> [Task item]
An exact copy of the records below is required, and it must contain no pictures.

Items from a dataset

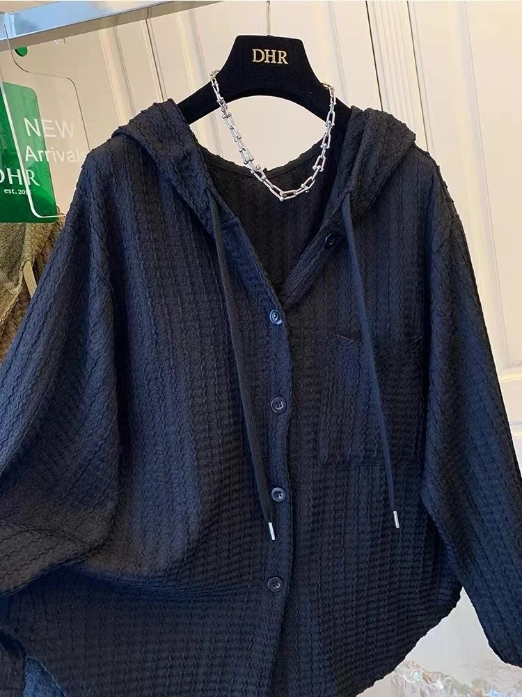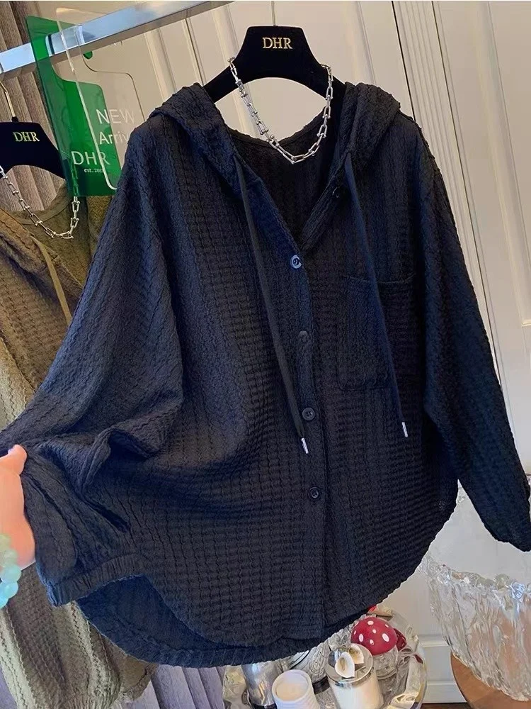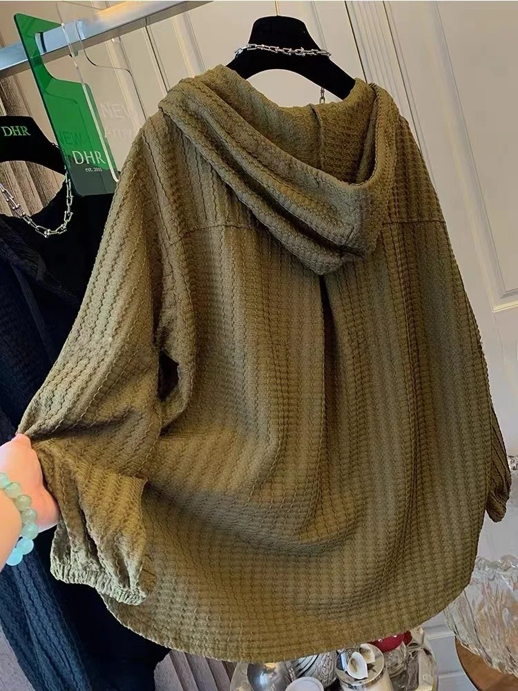 ↑plus Size Women's Hooded irt Spring Autumn New Loose Slimming Sun Protection Outerwear T-irt Comfortable Casual Long Sve - TopDealBox
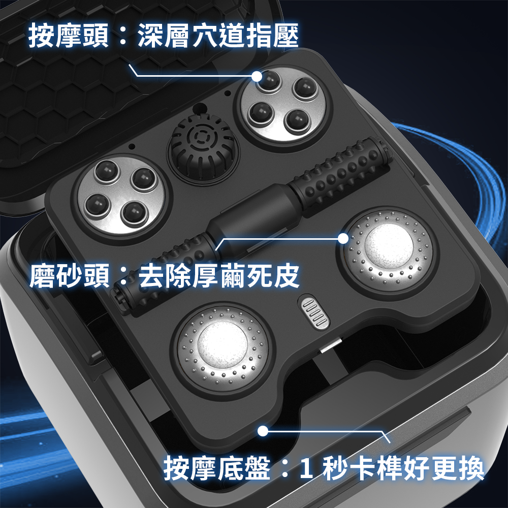 按摩底盤向上直接取出,清洗整理不費力!磨砂、按摩全功能配件一秒更換。
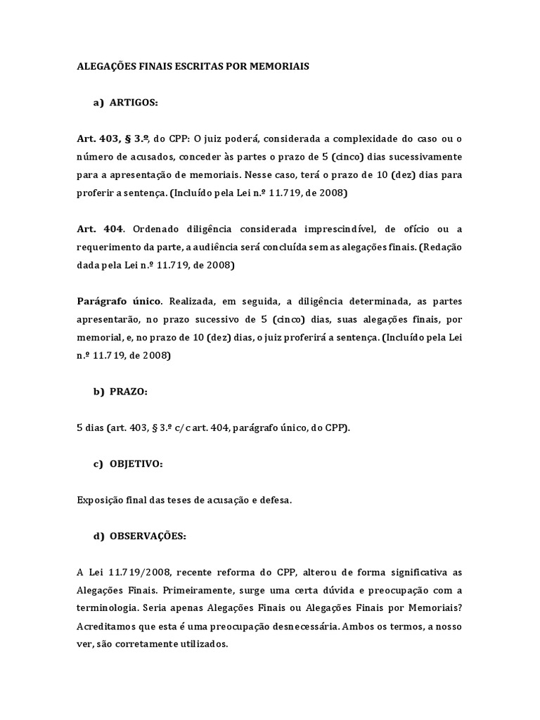 pelo art. 403 § 3.º, do CPP. Essas hipóteses possibilitam a apresentação das
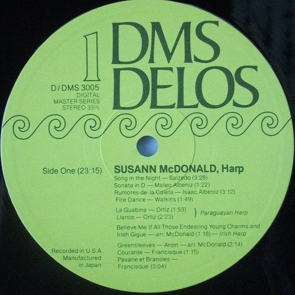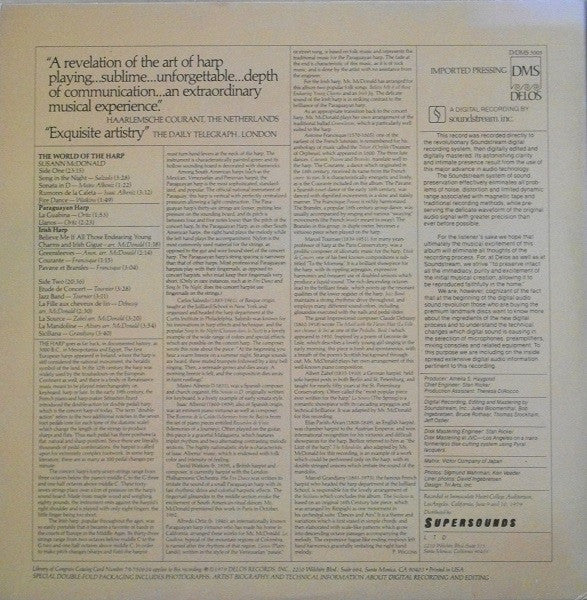 A1. Song Of The Night 3:28 A2. Sonata In D 1:22 A3. Rumore De La Caleta 3:12 A4. Fire Dance 1:49 . Paraguayan Harp A5. La Guabina 1:53 A6. Llanos (Plain Lands) 2:23 . Irish Harp A7. Believe Me If All Those Endearing Young Charms And Irish Gigue 1:18 . - A8. Greensleeves 2:14 A9. Courante 1:15 A10. Pavane Et Bransles 3:04 B1. Etude De Concert 3:28 B2. Jazz Band 3:11 B3. La Fille Aux Chevuex De Lin (The Girl With The Flaxen Hair) 2:30 B4. La Source 3:20 B5. La Mandoline 3:54 B6. Siciliana 3:40
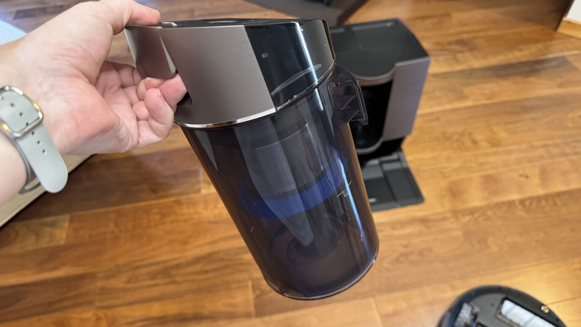 Per quanto riguarda la manutenzione, la base OmniCyclone Station mostra un vantaggio concreto: il design senza sacchetto non solo riduce i costi, ma semplifica l’operazione di svuotamento a pochi secondi, senza dover acquistare ricambi. La capacità del contenitore è sufficiente per quasi due mesi di raccolta dello sporco, durata che ovviamente può cambiare in base alla dimensione della casa e il livello di sporco. In ogni caso impiegherete veramente poco a staccare il serbatoio e svuotarlo.
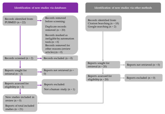 PRISMA flow chart for human studies indicating how the 21 studies were chosen.
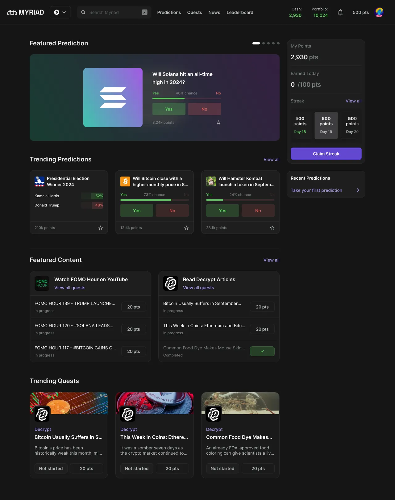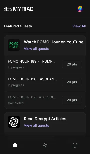 Users can access MYRIAD through a browser extension, mobile app, and website, integrating the MYRIAD platform across the user’s entire browsing experience. Streamlined registration and account abstraction makes the Web3 platform accessible to the widest possible audience, while Quests and personalized content recommendations enhance the user experience.
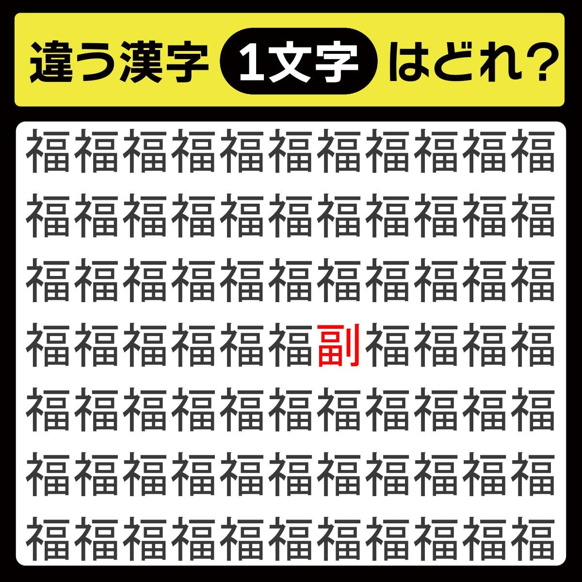 違う漢字は、上から4行目、右から5番目の文字でした!
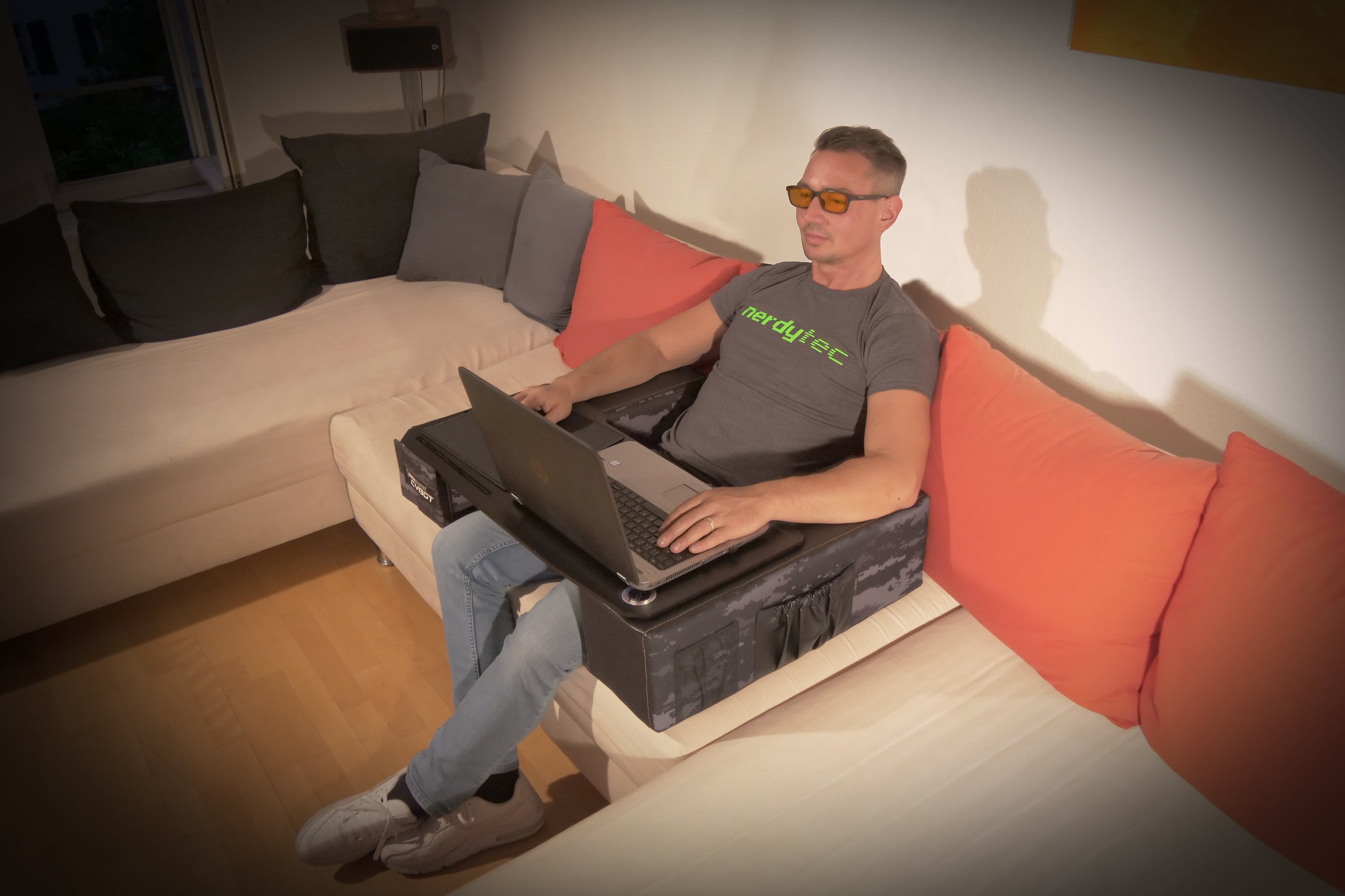 Couchmaster(カウチマスター)はソファーに座りながらノートPCやゲーミングキーボードを快適に操作する環境を実現します。
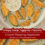 Cream Cheese Jalapeno Poppers are so easy to make. What’s not to love about a fresh jalapeño stuffed with a warm, gooey cheese filling that’s topped with a buttery, crunchy bread crumb? Make this recipe for the BEST crowd pleasing, party or Game Day appetizer.
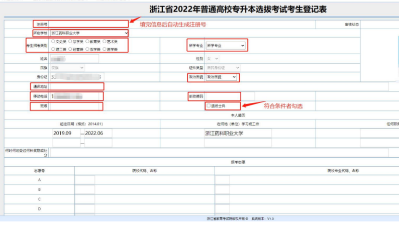 须我省户籍、在高职高专毕业当年应征入伍且在退役后1年内报考) : 请选择浙江
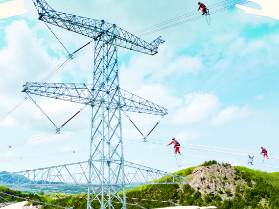 ▲图为国网山东电力员工在迎峰度夏重点工程——500千伏岛城(黄埠岭)输变电工程线路开展三级自检,该工程预计6月26日送电。
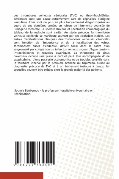 Les thromboses veineuses cérébrales (TVC) ou thrombophlébites cérébrales sont une cause extrêmement rare de céphalées d'origine vasculaire. Elles sont de plus en plus fréquemment diagnostiquées au cours de ces dernières années en raison de l'immense avancée de l'imagerie médicale. Le spectre clinique et l'évolution chronologique du tableau de la maladie sont variés. Au stade précoce, la thrombose veineuse cérébrale se manifeste souvent par des céphalées isolées. Les autres manifestations cliniques des thromboses veineuses cérébrales sont fonction de l'importance et de la localisation des veines thromboses: crises d'épilepsie, déficit focal dans le cadre d'un saignement par congestion ou infarctus veineux, signes d'hypertensions intracrâniennes et troubles psychiques. La thrombose du sinus caverneux occupe une place à part et peut être accompagnée d'une exophtalmie, d'une paralysie oculomotrice et de troubles sensitifs dans le territoire innervé par la première branche du trijumeau. Grâce au diagnostic précoce de TVC et à un traitement instauré à temps, les séquelles peuvent être évitées chez la grande majorité des patients.

> [Worked solution]
 ↑plus Size Women's Hooded irt Spring Autumn New Loose Slimming Sun Protection Outerwear T-irt Comfortable Casual Long Sve - TopDealBox
 按摩底盤向上直接取出,清洗整理不費力!磨砂、按摩全功能配件一秒更換。
 pelo art. 403 § 3.º, do CPP. Essas hipóteses possibilitam a apresentação das
 A1. Song Of The Night 3:28 A2. Sonata In D 1:22 A3. Rumore De La Caleta 3:12 A4. Fire Dance 1:49 . Paraguayan Harp A5. La Guabina 1:53 A6. Llanos (Plain Lands) 2:23 . Irish Harp A7. Believe Me If All Those Endearing Young Charms And Irish Gigue 1:18 . - A8. Greensleeves 2:14 A9. Courante 1:15 A10. Pavane Et Bransles 3:04 B1. Etude De Concert 3:28 B2. Jazz Band 3:11 B3. La Fille Aux Chevuex De Lin (The Girl With The Flaxen Hair) 2:30 B4. La Source 3:20 B5. La Mandoline 3:54 B6. Siciliana 3:40
 Per quanto riguarda la manutenzione, la base OmniCyclone Station mostra un vantaggio concreto: il design senza sacchetto non solo riduce i costi, ma semplifica l’operazione di svuotamento a pochi secondi, senza dover acquistare ricambi. La capacità del contenitore è sufficiente per quasi due mesi di raccolta dello sporco, durata che ovviamente può cambiare in base alla dimensione della casa e il livello di sporco. In ogni caso impiegherete veramente poco a staccare il serbatoio e svuotarlo.
 PRISMA flow chart for human studies indicating how the 21 studies were chosen.
 Users can access MYRIAD through a browser extension, mobile app, and website, integrating the MYRIAD platform across the user’s entire browsing experience. Streamlined registration and account abstraction makes the Web3 platform accessible to the widest possible audience, while Quests and personalized content recommendations enhance the user experience.
 違う漢字は、上から4行目、右から5番目の文字でした!
 Couchmaster(カウチマスター)はソファーに座りながらノートPCやゲーミングキーボードを快適に操作する環境を実現します。
 Cream Cheese Jalapeno Poppers are so easy to make. What’s not to love about a fresh jalapeño stuffed with a warm, gooey cheese filling that’s topped with a buttery, crunchy bread crumb? Make this recipe for the BEST crowd pleasing, party or Game Day appetizer.
 须我省户籍、在高职高专毕业当年应征入伍且在退役后1年内报考) : 请选择浙江
 ▲图为国网山东电力员工在迎峰度夏重点工程——500千伏岛城(黄埠岭)输变电工程线路开展三级自检,该工程预计6月26日送电。
 Les thromboses veineuses cérébrales (TVC) ou thrombophlébites cérébrales sont une cause extrêmement rare de céphalées d'origine vasculaire. Elles sont de plus en plus fréquemment diagnostiquées au cours de ces dernières années en raison de l'immense avancée de l'imagerie médicale. Le spectre clinique et l'évolution chronologique du tableau de la maladie sont variés. Au stade précoce, la thrombose veineuse cérébrale se manifeste souvent par des céphalées isolées. Les autres manifestations cliniques des thromboses veineuses cérébrales sont fonction de l'importance et de la localisation des veines thromboses: crises d'épilepsie, déficit focal dans le cadre d'un saignement par congestion ou infarctus veineux, signes d'hypertensions intracrâniennes et troubles psychiques. La thrombose du sinus caverneux occupe une place à part et peut être accompagnée d'une exophtalmie, d'une paralysie oculomotrice et de troubles sensitifs dans le territoire innervé par la première branche du trijumeau. Grâce au diagnostic précoce de TVC et à un traitement instauré à temps, les séquelles peuvent être évitées chez la grande majorité des patients.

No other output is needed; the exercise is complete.